Vietnam is on alert after what's left of super-typhoon Haiyan made landfall Sunday.
The storm is not nearly as violent as it was a few days ago when heavy rain and winds of nearly 200 mph flatened almost everything in its path. Meanwhile survivors in the Phillipines are desparate for aid.
"The most damaged city on earth today offers no shelter, no water and no power. What little food there is must be scavanged and looted."
"Right now all we can do is survive the day but I don't know what will happen tomorrow."
In Tacloban, one of the hardest hit cities, hundreds of people are waiting at the airport for aid.
"Now we are so very hungry and thirsty."
By the numbers:
- Some 2 million people are believed to be affected.
- 23,000 houses have been either destroyed or damaged.
- Officials think as many as 10,000 people might have lost their lives.
The storm has left the island nation with virtually no medical care. Makeshift hospitals have been set up, but it's not nearly enough.
"Many of the patients being treated without anesthetics. This woman has just given birth, a baby girl, Bea Joy."

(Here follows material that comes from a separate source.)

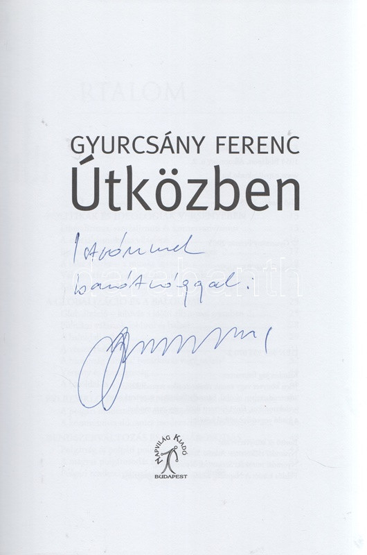 Gyurcsány Ferenc: Útközben. [Politikai esszék.] (Dedikált.) Budapest, (2005). Napvilág Kiadó (Szekszárdi Nyomda Kft.) 136 p. Egyetlen kiadás. Dedikált: ,,[Horváth] Istvánnak, barátsággal: Gyurcsány Ferenc". (Demos könyvek.) Prov.: Horváth István (sz. 1943) közgazdász, diplomata, nagykövet. A közgazdász szerző 1966-tól a külkereskedelemben dolgozott, 1979-től az MSZMP Gazdaságpolitikai Bizottságának tagja, 1983-tól hágai, 1984-1991 között bonni nagykövet, majd Horn Gyula külpolitikai tanácsadója. Színes, illusztrált kiadói kartonkötésben és színes, illusztrált kiadói védőborítóban.

Help is on the way but it can only come so fast.
"C130 planes are dropping off food water and other supplies. ... But the U.N. says many roads and bridges were destroyed in the Typhoon making aid efforts more difficult."
But observers fear survivors will become more violent as resources continue to dwindle.
A high-school teacher in Tacloban told the AFP — people are losing their minds — and he fears in one week people will be killing from hunger.